_Task_
When you reproduce these records, keep every word exactly and drop the images.

Records contained in a dataset

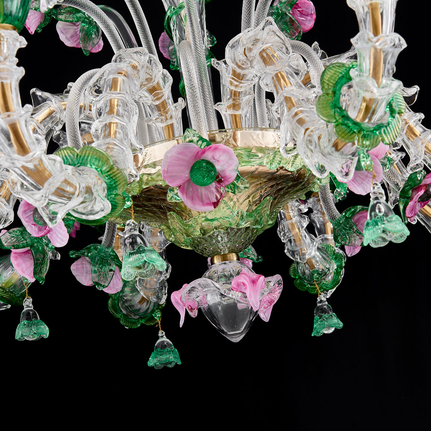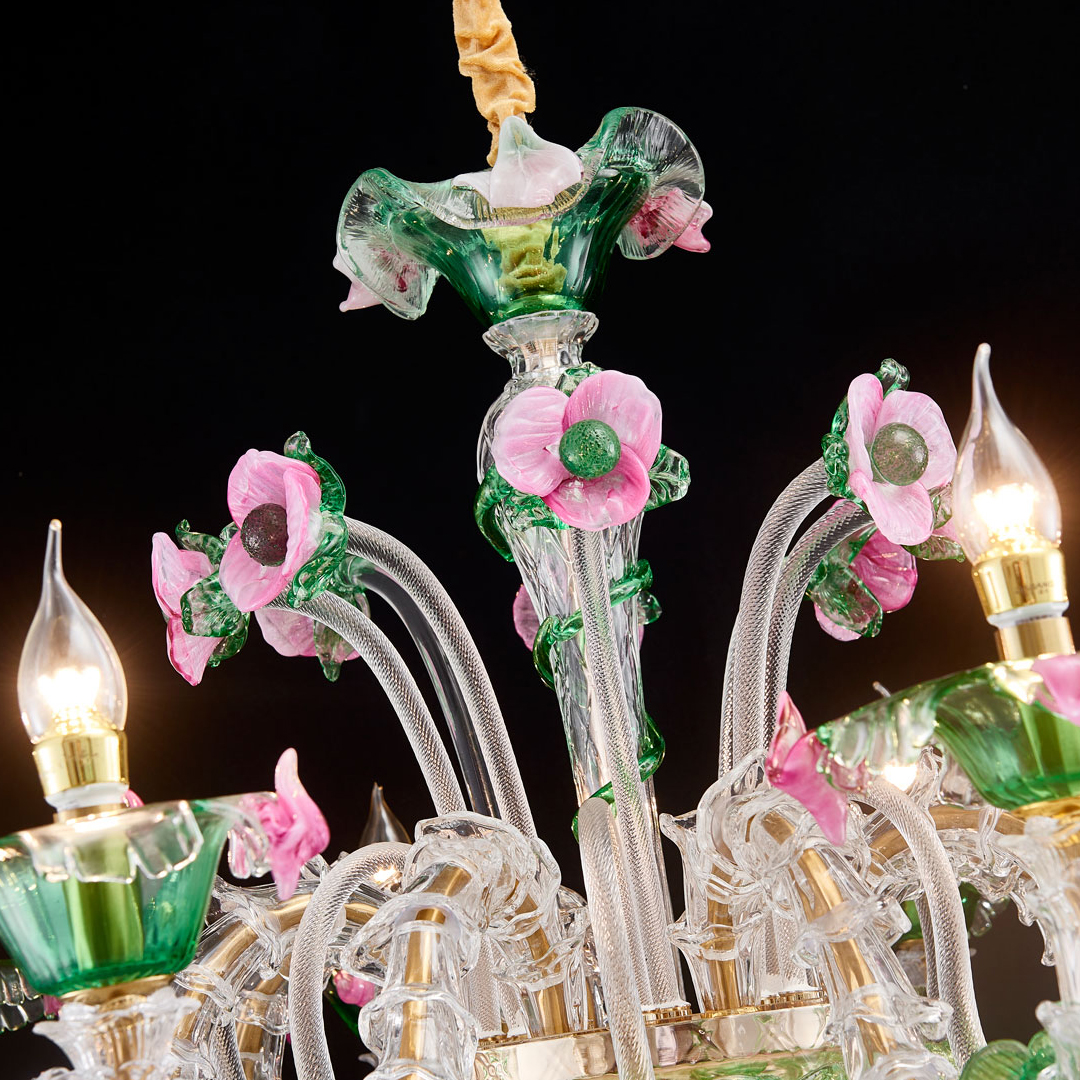 Lush green-edged petals meet transparent S-shaped layered arms — this handmade glass flower chandelier is a
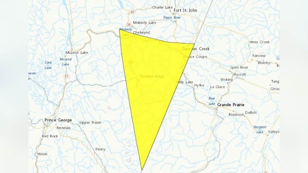 There were also warnings issued on June 16th for a portion of northeast B.C. from the border with Alberta, west to Pink Mountain and north past the border with the Northwest Territories, and a triangle of the region from Dawson Creek and Chetwynd down the border with Alberta to a point on the border near Prince George.
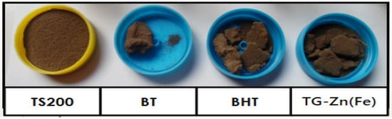 After the dark degradation test, filtration of the pesticide solution was performed to obtain the residues. Pictures of the dry soil and the residue of BT (dry soil-pesticide), BHT (dry soil-pesticide-H2O2), and TG-Zn(Fe) [dry soil-pesticide-H2O2-composite] are presented in Figure 8. The figures of BT, BHT, and TG-Zn(Fe) samples in Figure 8 were taken from one of residues in Figure 7 for drying and taking their photograph. The dry soil was dark brown in colour due to the content of hematite and maghemite. The most common color of hematite and maghemite in soil is moderate reddish brown and dark yellowish brown, respectively [36]. The existence of these minerals in soil is studied by X-ray diffraction.
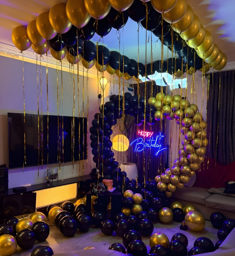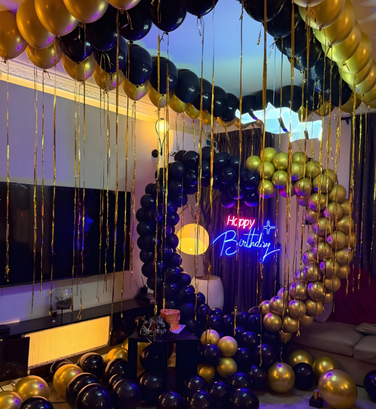 This décor is perfect for those who love sophisticated celebrations and premium party aesthetics. Whether it’s a romantic birthday surprise, luxury home celebration or elite private party, this setup delivers an unforgettable visual impact and Instagram-perfect birthday photos.
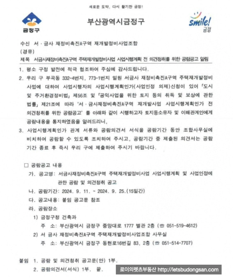 서금사A구역 재개발 사시 공람 일정 소식과 현 가능 매물 소개해 드리겠습니다.
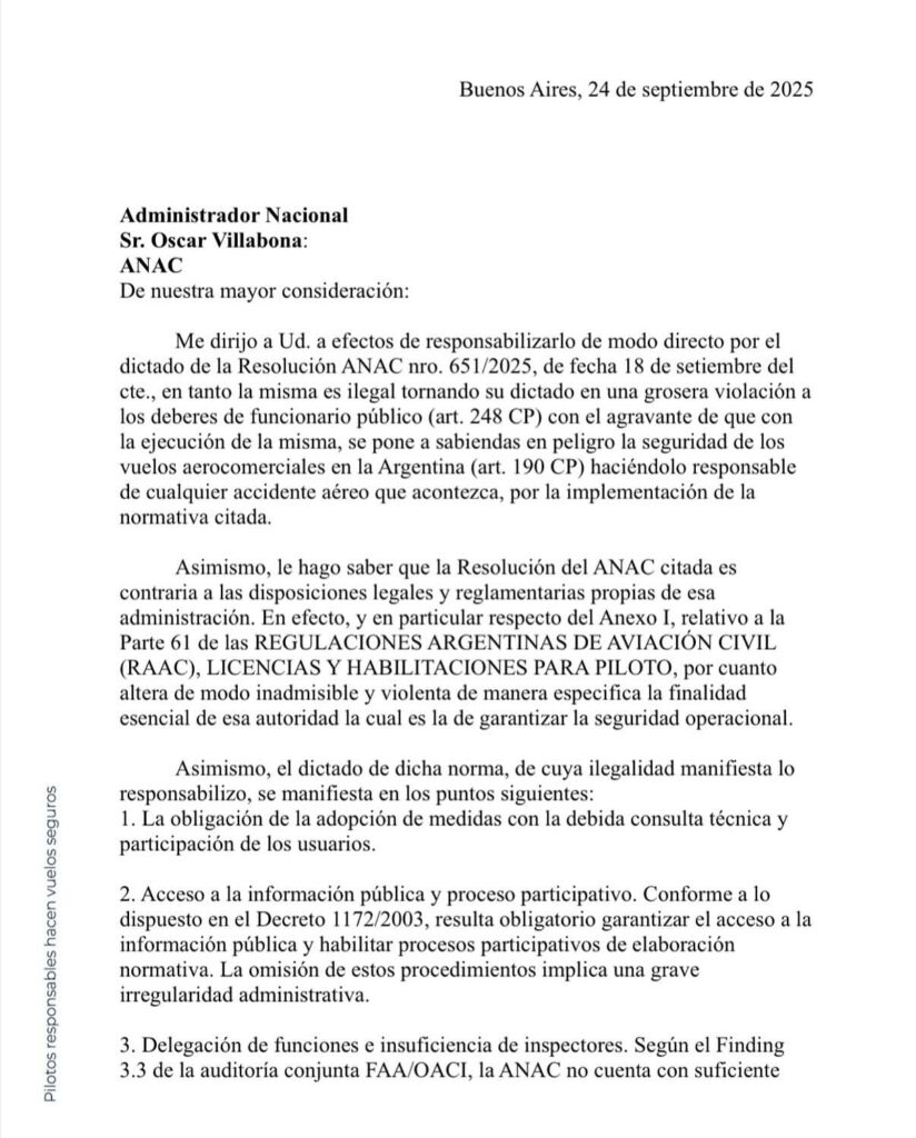 La respuesta a lo firmado por Oscar Villabona el 18 de setiembre llego de manera, clara, precisa y contundente desde APLApilotos mediante una carta firmada por Pablo Biro, en donde el Administrador Nacional es intimado para que convoque una reunión participativa y para que derogue la RESO 651/2025. Caso contrario el sindicato iniciara acciones legales civiles y/o penales en su contra por violar o incumplir los artículos 248 y 190 del código penal.
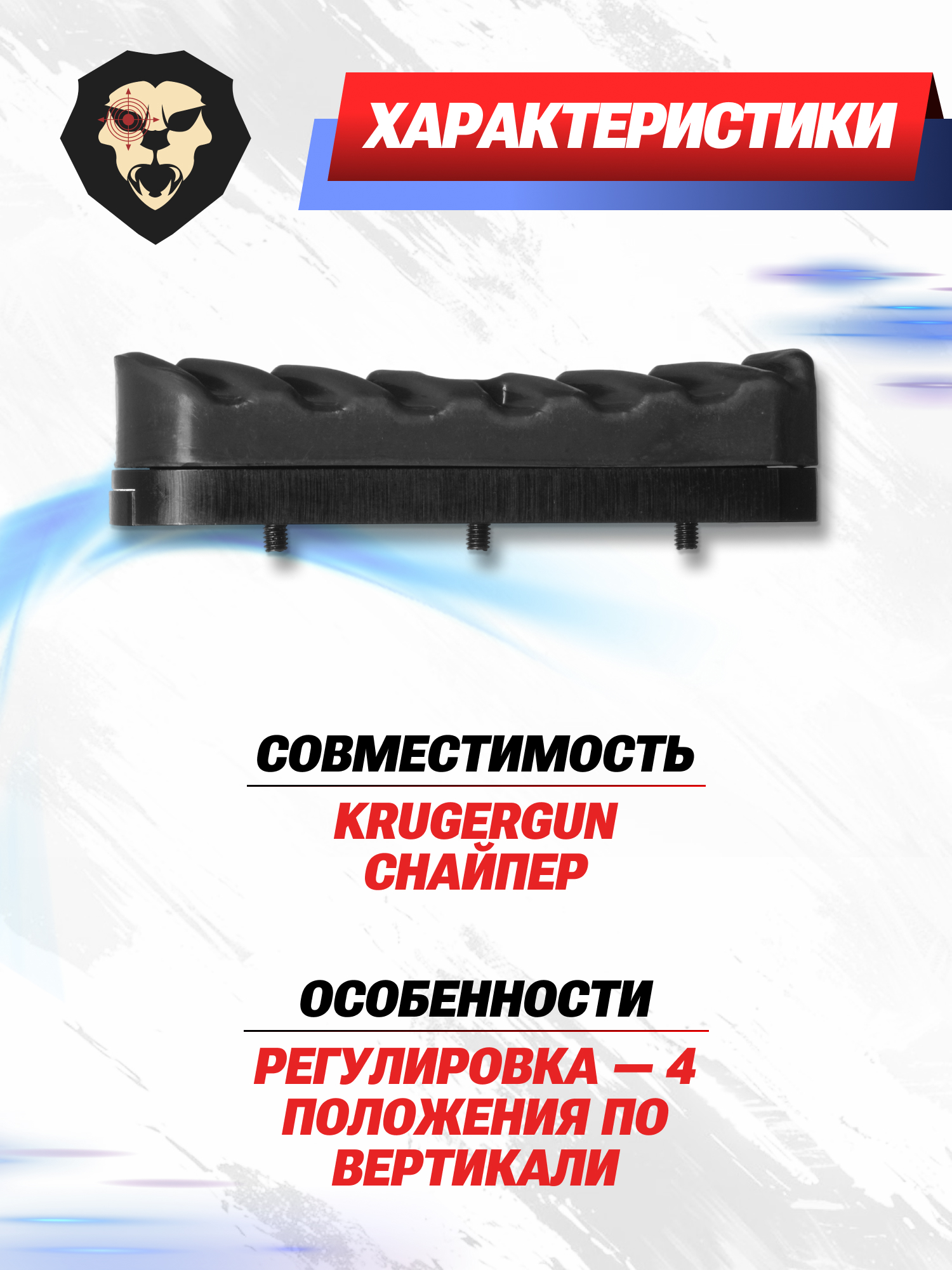 Деталь для Крюгерган Снайпер состоит из дюралевой основы и крепящегося к ней резинового элемента. Внешняя часть подвижна, что допускает перемещение эластичной основы на 4 положения вниз.
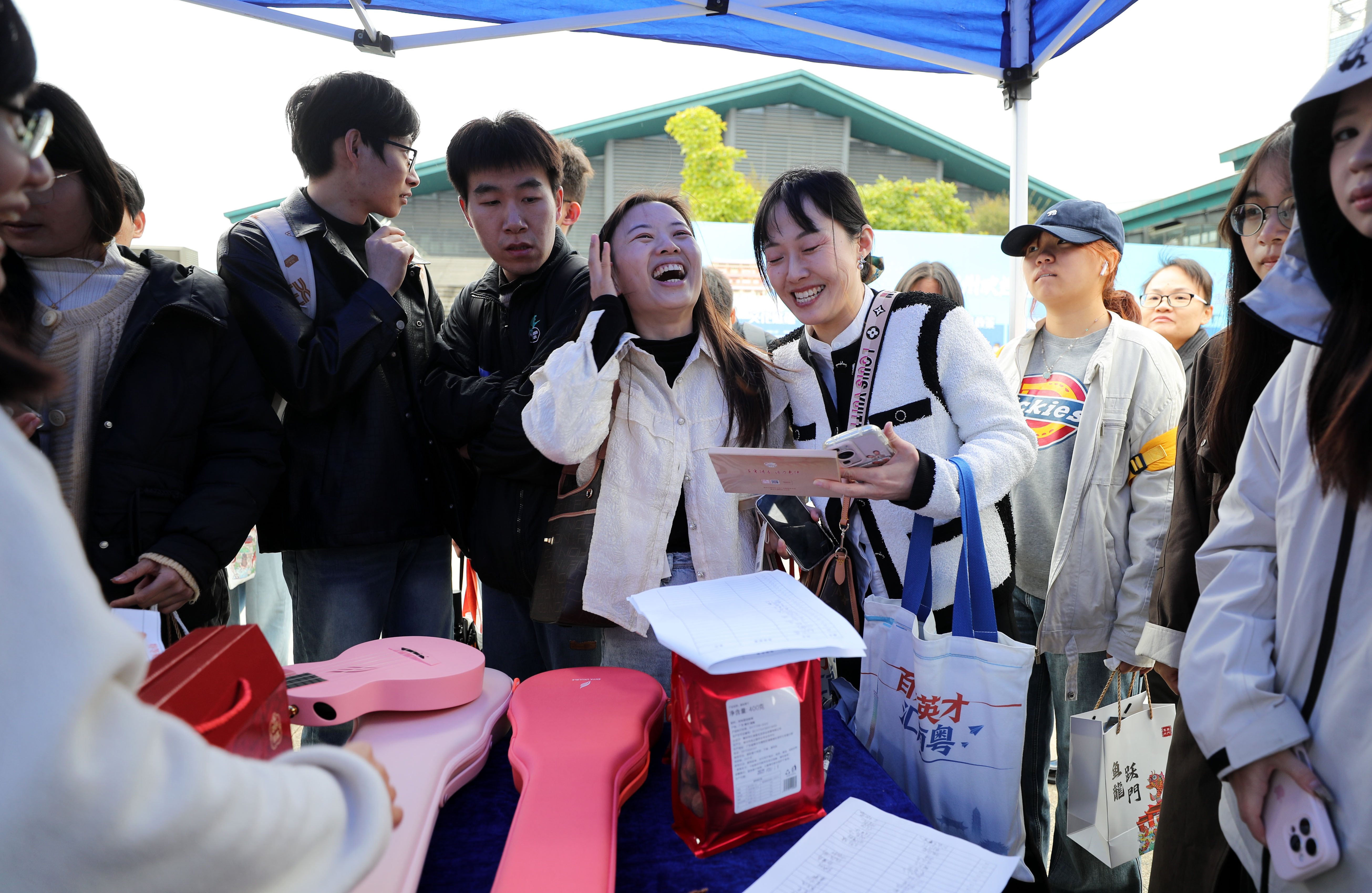 文化体验区:非遗美食、文创体验、抽奖游戏搭配乐队演出,氛围轻松热闹;“城市礼遇包”内含十五运会特许商品与文旅门票,让学子在求职间隙沉浸式感受岭南风韵。
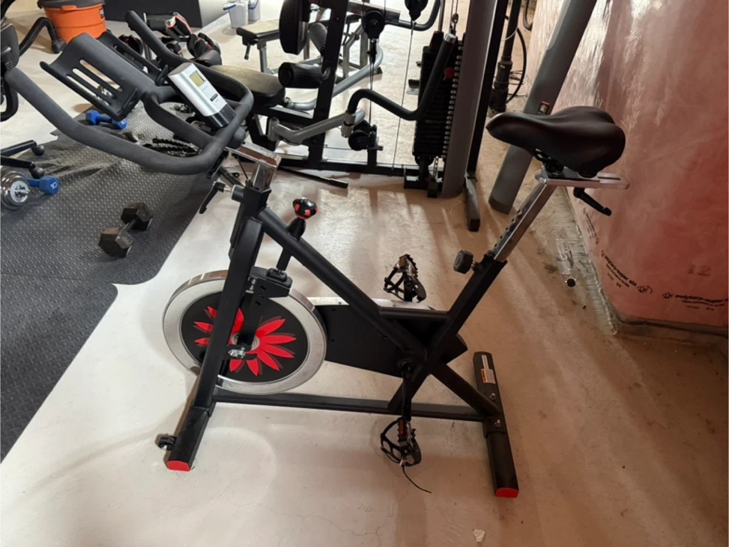 The bike features an adjustable seat and handlebars for comfort. Perfect for home workouts!
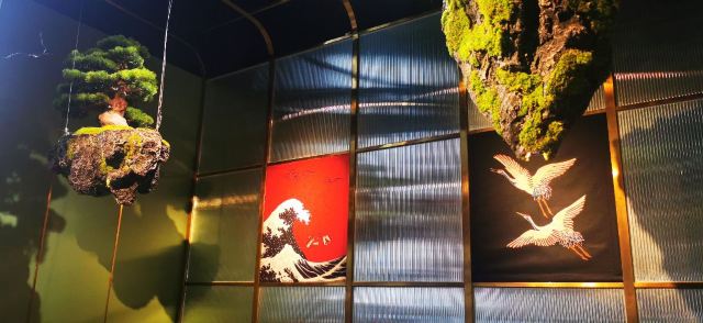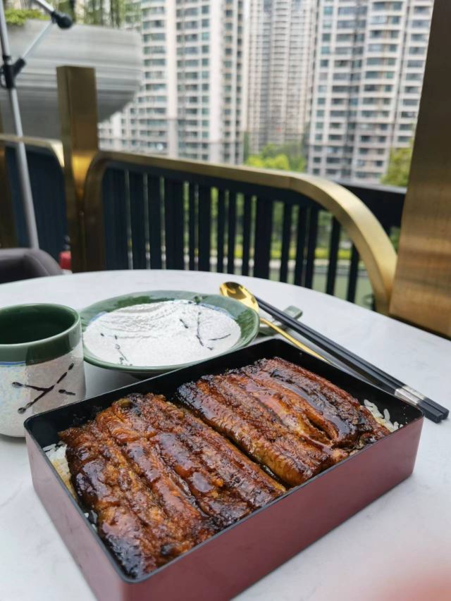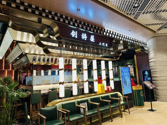 焦头烂额的小草妈上周四中午趁着孩子上学,和老公出来打卡现在网红地~天安千树。工作日人流还是蛮多的,特别是餐厅,很多餐厅门口都或多或少有人排队。我们在点评网上看到剑持屋有活杀现烤鳗鱼饭,而且还有代金券可以用,所以就慕名而来了。店铺生意不错,一直门口有人等位,而且听出来都是老来的客人。店里大部分都是卡座,还有两个六人的包房,和一个八人桌。进了店来心里还是有些担心,因为看到网上有两条差评,说鳗鱼饭不好。来了之后在点餐之前,特意询问了这家的金姓店长,她给出的答案,我们是可以接受的。 现在说菜品吧 招牌鳗鱼饭300克^上来的卖相是有点松散,不过味道真的是不错。店长答疑:她家用的是关东鳗鱼饭的做法先烤再蒸再烤,多了一个蒸鳗鱼的过程,在蒸的过程中,鳗鱼的毛孔会打开,所以第二次蒸鳗鱼是会更加入味,但是形象上就会次点了。 比目鱼寿司^入口即化的比目鱼赞的 刺身拼盘中份^精致摆盘好看又好吃[偷笑]三文鱼,北极贝,甜虾品质都很好,不过有点小小瑕疵,北极贝我吃到的一片有一点沙 M6和牛寿喜锅^M6和牛肉质非常好 烤牛舌^可以说是我吃到最好的一次了,非常嫩而且还有汤汁 再说说服务 放包的篮子^很贴心的在吧台每个坐位下方都有一个篮子供客人放包 服务员飞飞周到细致的服务,还有金店长耐心的解惑答疑,给他们点赞! 店铺还有一个大露台放有五六桌,下次我要和闺蜜一起坐在这里边吃边聊边赏风景。
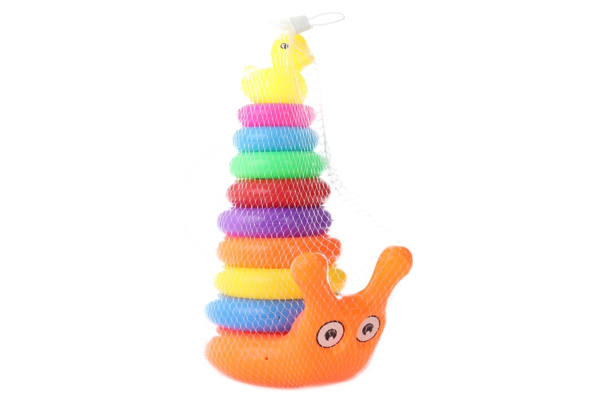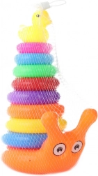 De schattige slakstapel met ringen tovert een glimlach op elk peutergezicht. Door de ringen stap voor stap te rijgen oefenen kinderen geduld, logisch denken en handigheid. Het laatste onderdeel is een plastic eendje dat het spel een leuk en motiverend doel geeft.

_Expected answer_
 Lush green-edged petals meet transparent S-shaped layered arms — this handmade glass flower chandelier is a
 There were also warnings issued on June 16th for a portion of northeast B.C. from the border with Alberta, west to Pink Mountain and north past the border with the Northwest Territories, and a triangle of the region from Dawson Creek and Chetwynd down the border with Alberta to a point on the border near Prince George.
 After the dark degradation test, filtration of the pesticide solution was performed to obtain the residues. Pictures of the dry soil and the residue of BT (dry soil-pesticide), BHT (dry soil-pesticide-H2O2), and TG-Zn(Fe) [dry soil-pesticide-H2O2-composite] are presented in Figure 8. The figures of BT, BHT, and TG-Zn(Fe) samples in Figure 8 were taken from one of residues in Figure 7 for drying and taking their photograph. The dry soil was dark brown in colour due to the content of hematite and maghemite. The most common color of hematite and maghemite in soil is moderate reddish brown and dark yellowish brown, respectively [36]. The existence of these minerals in soil is studied by X-ray diffraction.
 This décor is perfect for those who love sophisticated celebrations and premium party aesthetics. Whether it’s a romantic birthday surprise, luxury home celebration or elite private party, this setup delivers an unforgettable visual impact and Instagram-perfect birthday photos.
 서금사A구역 재개발 사시 공람 일정 소식과 현 가능 매물 소개해 드리겠습니다.
 La respuesta a lo firmado por Oscar Villabona el 18 de setiembre llego de manera, clara, precisa y contundente desde APLApilotos mediante una carta firmada por Pablo Biro, en donde el Administrador Nacional es intimado para que convoque una reunión participativa y para que derogue la RESO 651/2025. Caso contrario el sindicato iniciara acciones legales civiles y/o penales en su contra por violar o incumplir los artículos 248 y 190 del código penal.
 Деталь для Крюгерган Снайпер состоит из дюралевой основы и крепящегося к ней резинового элемента. Внешняя часть подвижна, что допускает перемещение эластичной основы на 4 положения вниз.
 文化体验区:非遗美食、文创体验、抽奖游戏搭配乐队演出,氛围轻松热闹;“城市礼遇包”内含十五运会特许商品与文旅门票,让学子在求职间隙沉浸式感受岭南风韵。
 The bike features an adjustable seat and handlebars for comfort. Perfect for home workouts!
 焦头烂额的小草妈上周四中午趁着孩子上学,和老公出来打卡现在网红地~天安千树。工作日人流还是蛮多的,特别是餐厅,很多餐厅门口都或多或少有人排队。我们在点评网上看到剑持屋有活杀现烤鳗鱼饭,而且还有代金券可以用,所以就慕名而来了。店铺生意不错,一直门口有人等位,而且听出来都是老来的客人。店里大部分都是卡座,还有两个六人的包房,和一个八人桌。进了店来心里还是有些担心,因为看到网上有两条差评,说鳗鱼饭不好。来了之后在点餐之前,特意询问了这家的金姓店长,她给出的答案,我们是可以接受的。 现在说菜品吧 招牌鳗鱼饭300克^上来的卖相是有点松散,不过味道真的是不错。店长答疑:她家用的是关东鳗鱼饭的做法先烤再蒸再烤,多了一个蒸鳗鱼的过程,在蒸的过程中,鳗鱼的毛孔会打开,所以第二次蒸鳗鱼是会更加入味,但是形象上就会次点了。 比目鱼寿司^入口即化的比目鱼赞的 刺身拼盘中份^精致摆盘好看又好吃[偷笑]三文鱼,北极贝,甜虾品质都很好,不过有点小小瑕疵,北极贝我吃到的一片有一点沙 M6和牛寿喜锅^M6和牛肉质非常好 烤牛舌^可以说是我吃到最好的一次了,非常嫩而且还有汤汁 再说说服务 放包的篮子^很贴心的在吧台每个坐位下方都有一个篮子供客人放包 服务员飞飞周到细致的服务,还有金店长耐心的解惑答疑,给他们点赞! 店铺还有一个大露台放有五六桌,下次我要和闺蜜一起坐在这里边吃边聊边赏风景。
 De schattige slakstapel met ringen tovert een glimlach op elk peutergezicht. Door de ringen stap voor stap te rijgen oefenen kinderen geduld, logisch denken en handigheid. Het laatste onderdeel is een plastic eendje dat het spel een leuk en motiverend doel geeft.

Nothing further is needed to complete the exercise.